Egypt’s tourism industry has been hammered by a series of calamities and terrorist attacks over the years. Since 2010, when overnight stays hit a record 14.1 million, the numbers have been steadily falling, according to data from the United Nations World Tourism Organization. Overnight stays by visitors stood at 5.3 million in 2016, according to the agency.

Tourists were first deterred by the Arab Spring in 2011 and the turmoil of a military-backed takeover in 2013. An Islamic State bomb downed a Russian jetliner filled with tourists in 2015. And there have been a handful of smaller terrorist acts targeting tourists, including a stabbing incident in Hurghada last year.

The 2015 plane bombing caused Britain to halt all direct flights to Egypt’s main Red Sea resort, Sharm el-Sheikh, amid security scares. Since then some British tourist traffic has been diverted to Hurghada, which is known for its beaches, scuba diving and package holiday hotels.

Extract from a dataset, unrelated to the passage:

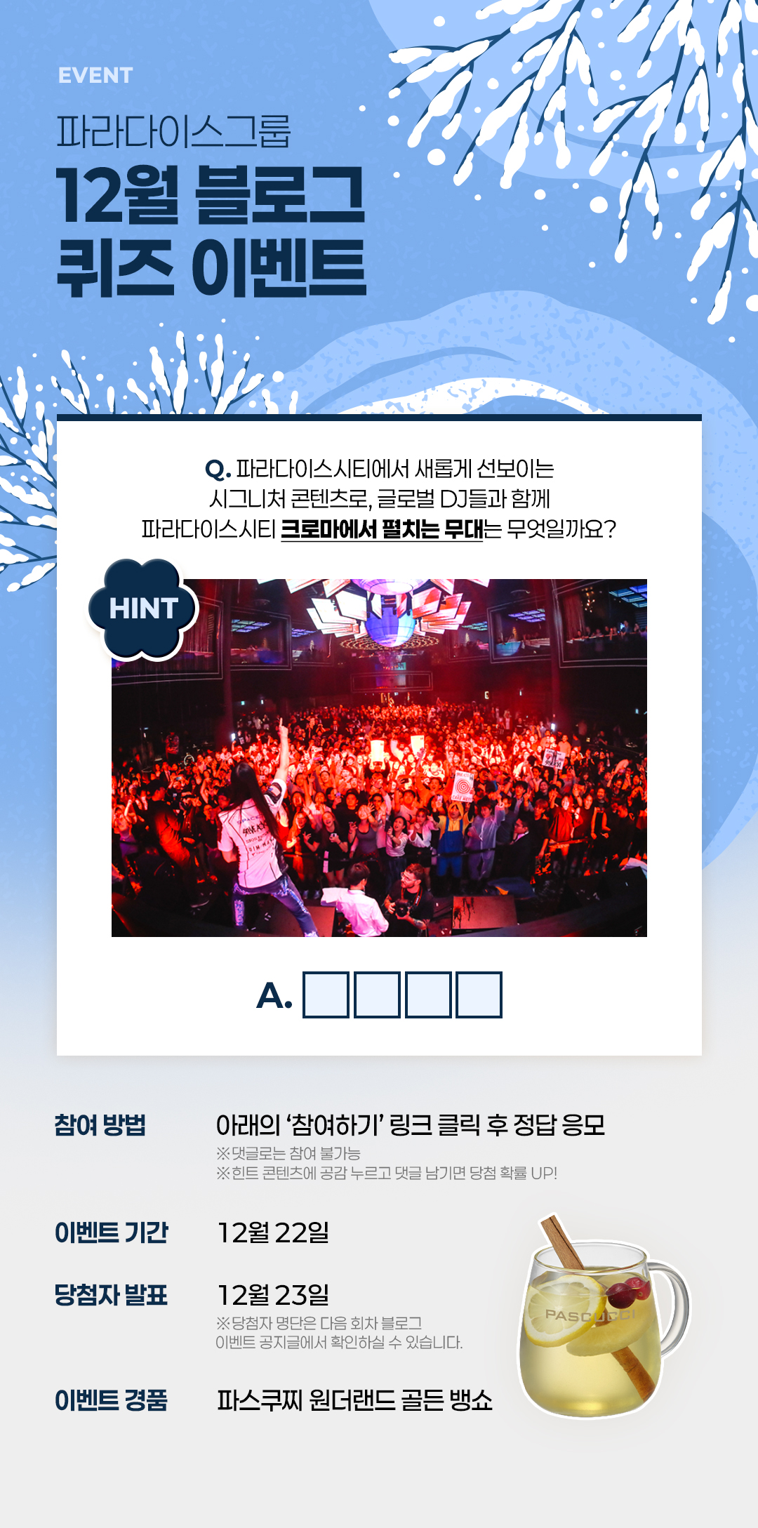 | 파라다이스그룹 12월 블로그 이벤트 (2회차) & 1회차 당첨자 발표 (7) | 2025.12.23 |

Egypt has seen an uptick in tourists in the past few years, in part because of an influx of tourists from China. The government reported a 212 percent increase in tourist revenues, to $5.3 billion in the first nine months of 2017 compared with the same time period in 2016, Reuters reported. One of the best-known package holiday companies in Britain, Thomas Cook has roots in Egypt. The company’s eponymous founder was a pioneer of mass tourism in the late 19th century and built his reputation partly on boat cruises along the Nile.

But the tour operator faced sharp criticism over safety standards at its resorts after the 2006 deaths of two young siblings from carbon monoxide poisoning on the Greek island of Corfu.

A British inquest into the deaths of the two children, ages 6 and 7, found that the travel company had “breached its duty of care” by failing to prevent their deaths, which officials determined had been caused by a faulty water boiler in their hotel room.

Three people, including the manager of the hotel, were convicted of manslaughter in 2010 and sentenced to seven years in prison.